The truth is such a rare commodity almost an endangered species.  We are taught at an early age to tell the truth no matter what even if it hurts you, even if you get into trouble, be honest, be truthful.  Then at some point the truth appears or is exposed to the point of making another feel bad and then we find ourselves trying to reshape the truth and make it become something else less painful.  The truth is the truth hurts.  In its rare form telling someone the truth is never easy and it will hurt their feelings.

To tell someone overweight that he or she is overweight hurts or to let someone know once they asked that you don’t agree with their fashion ensemble or their appearance is questionable to say the least isn’t something another person really wants to hear even when he or she asks the question.  However, it is very necessary to be honest and open with others and to allow them to be open and honest with you.  Even when a person lacks in having tact to deliver it, the truth, is such a rare and beautiful gem that while one may choke on hearing it he or she will not miss the lesson and ability to grow from it.   One may be shocked in hearing it, but this seed of truth is so powerful that the roots forms from it because it connects within you and while the seed will not grow until you feed it; it cannot die either because it was in you from the beginning.   Isn’t that amazing and yet beautiful?!   So when the truth is heard, it lies dormant within until one reaches that moment where he or she wants to change and since the foundation of the truth had been laid there within lies a seed planted waiting to be fertilize for the beginning of a transformation.

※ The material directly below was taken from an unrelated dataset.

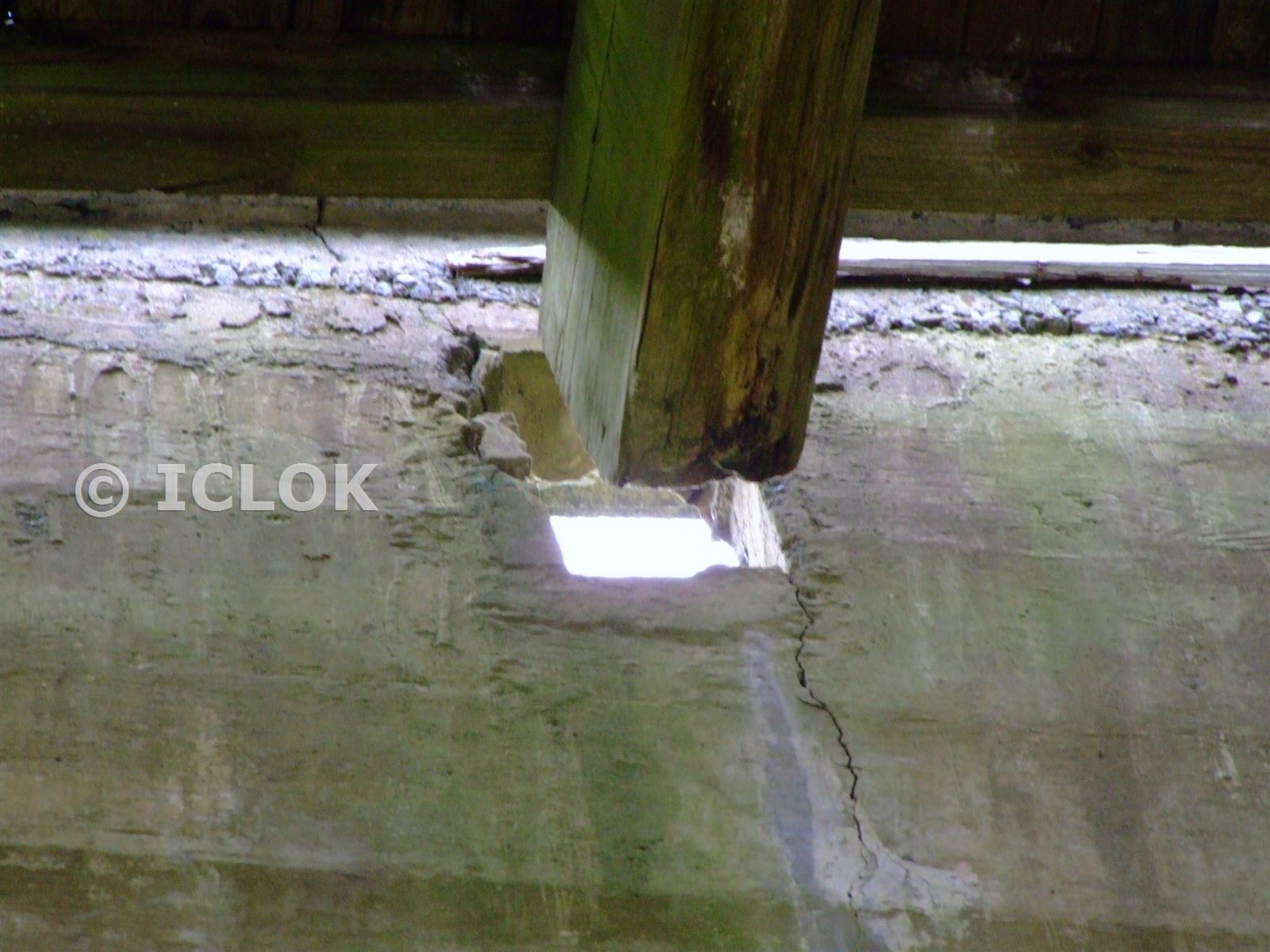 27.08.09 Kilton Mine - Interior, timbers pulling out of gable end wall

Recently, having a conversation with my husband and oldest son, I revealed to them how grateful I am for hearing the truth.  I am not famous by any means nor do I employ or have the means to employ people to tell me what I want to hear but yet there was a point in my life where I was surrounded by those that only told me what I wanted to hear, what I desired or what they were comfortable sharing with me.  I noticed that I gave advice even the hard things but if I were to judge myself on the information I received back, I would in ignorance think I was perfect.  I wasn’t raised that way.  While my mother spoiled and exposed me to material things, she and my dad never lied or sugarcoated the truth to me or about my life and life choices.  Ah a foundation!  So meeting and dealing with my husband who sometimes without tact delivered some harsh truths to me wasn’t new but it was so different from my what I had become accustom to hearing it was unreal but yet revealing and empowering.

The truth does set you free whether you desire to be free or not.  Many times, people enjoy the lies and their versions of the truth that make them victims of life and the people around them.  The truth is at some point, we are accountable for our actions, our crowds, our thoughts, emotions and our ability to implement changes in the areas we desire but those changes cannot be done based on lies.  Only the truth will stand.